Problem statement: Starting with the line that has "Chủ tịch UBND" in the records below and ending with the line that has "48W/ 9.6A high", output those lines exactly and nothing more; omit the pictures.

Material provided:
= = = = = = =
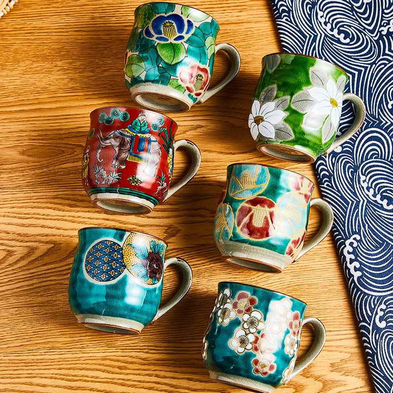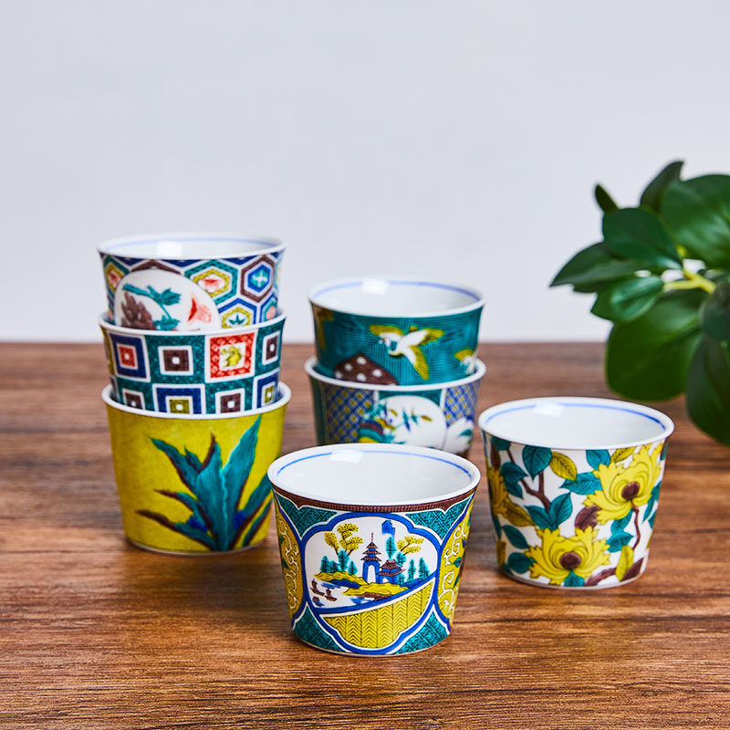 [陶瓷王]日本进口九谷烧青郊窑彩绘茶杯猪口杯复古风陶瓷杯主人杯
= = = = = = =
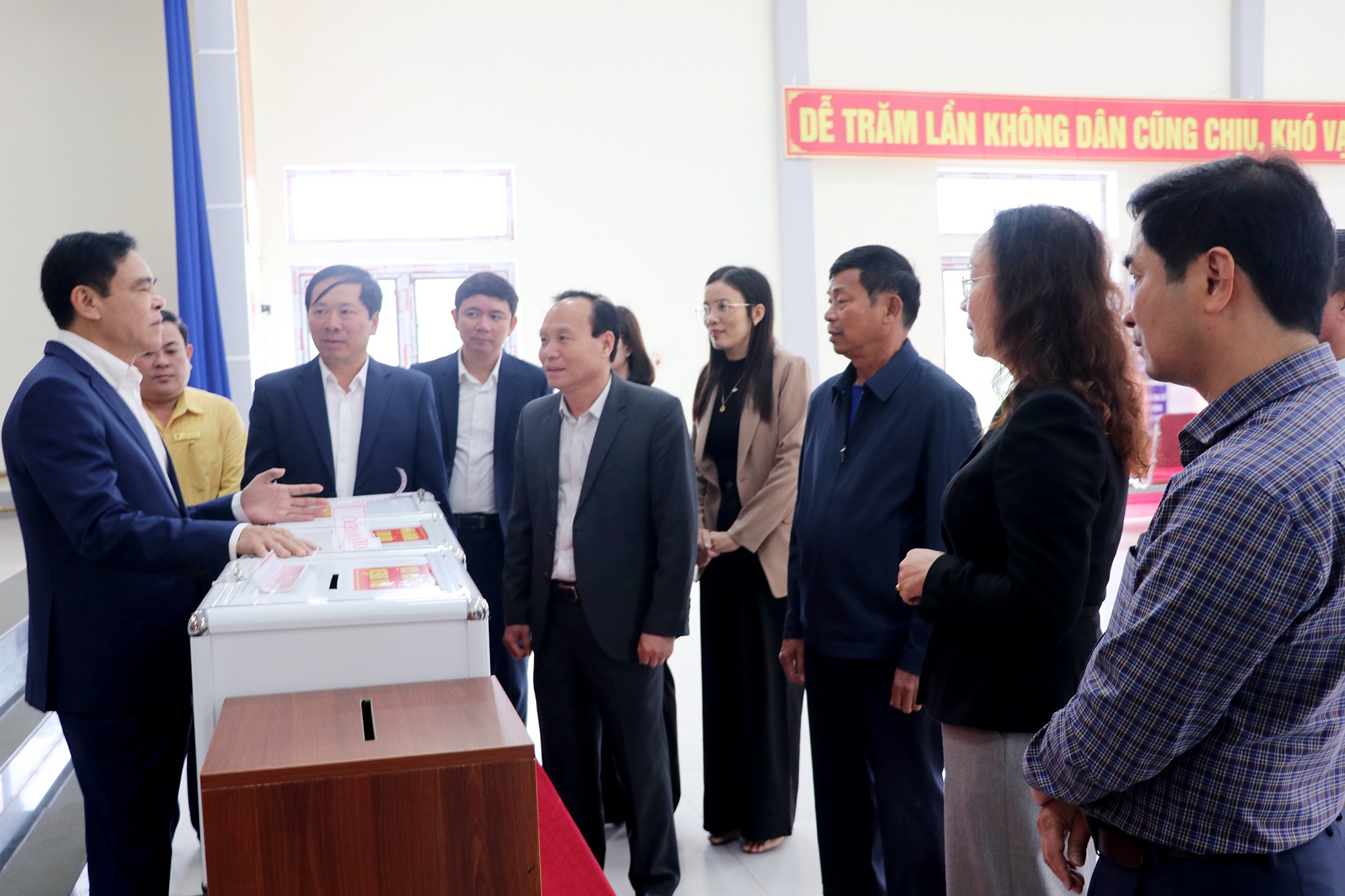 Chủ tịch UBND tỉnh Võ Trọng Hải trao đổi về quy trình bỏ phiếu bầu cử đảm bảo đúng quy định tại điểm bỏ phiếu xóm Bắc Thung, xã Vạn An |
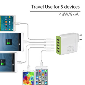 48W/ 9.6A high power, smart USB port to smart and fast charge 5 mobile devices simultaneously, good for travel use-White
= = = = = = =
Exercise output:
 Chủ tịch UBND tỉnh Võ Trọng Hải trao đổi về quy trình bỏ phiếu bầu cử đảm bảo đúng quy định tại điểm bỏ phiếu xóm Bắc Thung, xã Vạn An |
 48W/ 9.6A high power, smart USB port to smart and fast charge 5 mobile devices simultaneously, good for travel use-White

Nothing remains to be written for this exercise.